On Tuesday 11 December 2018 10:37 AM, Jens Axboe wrote:
On 12/10/18 9:07 PM, Dave Chinner wrote:
On Mon, Dec 10, 2018 at 08:44:32AM -0700, Jens Axboe wrote:
On 12/10/18 8:41 AM, Jan Kara wrote:
On Mon 10-12-18 08:17:18, Jens Axboe wrote:
On 12/10/18 7:12 AM, Jan Kara wrote:
On Mon 10-12-18 18:20:04, Kanchan Joshi wrote:
This patch introduces "j_writehint" in JBD2 journal,
which is set based by Ext4 depending on "journal_writehint"
mount option (inspired from "journal_ioprio").

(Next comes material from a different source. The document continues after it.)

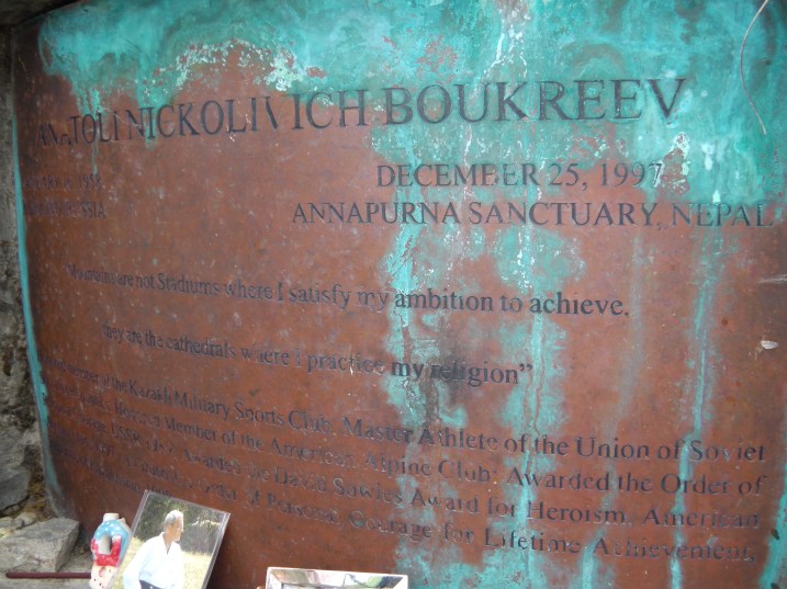 The memorial plaque for Anatoli Boukreev who died climbing Annapurna 1 on Christmas Day 1997.

Thanks for the patch! It would be good to provide the explanation you have
in the cover letter in this patch as well so that it gets recorded in git
logs.
Also I don't like the fact that users have to set the hint via a mount
option for this to be enabled. OTOH the WRITE_FILE_<foo> hints defined in
fs.h are generally supposed to be used by userspace so it's difficult to
pick anything if we don't know what the userspace is going to do. I'd argue
it's even difficult for the sysadmin to pick any good value even if he
actually knows that he might benefit from setting some. Jens, is there
some reasonable way for fs to automatically pick some stream value for its
journal?
I think we have two options here:
1) It's _probably_ safe to assume that journal data is short lived. While
hints are all relative to the specific use case, the size of the journal
compared to the rest of the drive is most likely very small. Hence a
default of WRITE_LIFE_SHORT is probably a good idea.
That's what I was thinking as well. But there are some exceptions like
heavy DB load where there's very little of metadata modified (and thus
almost no journal IO) compared to the DB data. So journal blocks may have
actually longer life time than data blocks. OTOH if there's little journal
IO there's no big benefit in specifying a stream for it so WRITE_LIFE_SHORT
is probably a good default anyway.
Right, that's my probably, it would definitely not work for all cases. But
it only really fails if two uses of the same life time ends up being vastly
different. It doesn't matter if LIFE_SHORT ends up being the longest life
time of them all.
2) We add a specific internal life time hint for fs journals.
#2 makes the most sense to me, but requires a bit more work...
Yeah, #2 would look more natural to me but I guess it needs some mapping to
what the drive offers, doesn't it?
We only used 4 streams, drives generally offer a lot more. So we can expand
it quite easily.
Can we get the number of stream supported from the drive? If we can
get at this at mount time, we can use high numbers down for internal
filesystem stuff, and low numbers up for user data (as already
defined by the fcntl interface).
If the hardware doesn't support streams or doesn't support any more
than the userspace interface covers, then it is probably best not to
use hints at all for metadata...
Yes, we query these values. For instance, if we can't get the current
number of streams we support (4), then we don't use them. We currently
don't export this anywhere for the kernel to see, but that could be
rectified. In terms of values, the NVMe stream space is 16-bits, so
we could allocate from 65535 and down. There are no restrictions on
ordering, so it'd be perfectly fine to use your suggestion of top down
for the kernel.
In terms of hardware support, we assign a number of streams per
namespace, and there's a fixed number of concurrently open streams per
drive. We can add reservations, for instance 8, for each namespace.
That'll give you the 4 user streams, and 4 for the kernel, 65535..65532.
Jens,
Currently hints from two or more independent user-space applications may
accidentally fall into same stream as there is no arbiter. By keeping
two sets of write-hints, user-space does not get in the way of
kernel-space. But I wonder about multiple users of this ,kernel-private,
hint-set (say multiple FS) - who gets to use what, and whether we need
arbiter for that. And that makes me remember your earlier work when
streams were streams (i.e. plain numbers) and block layer managed a
bitmap for allocation. OTOH, I doubt likelihood of in-kernel
stream-collision in real-world.
Thanks,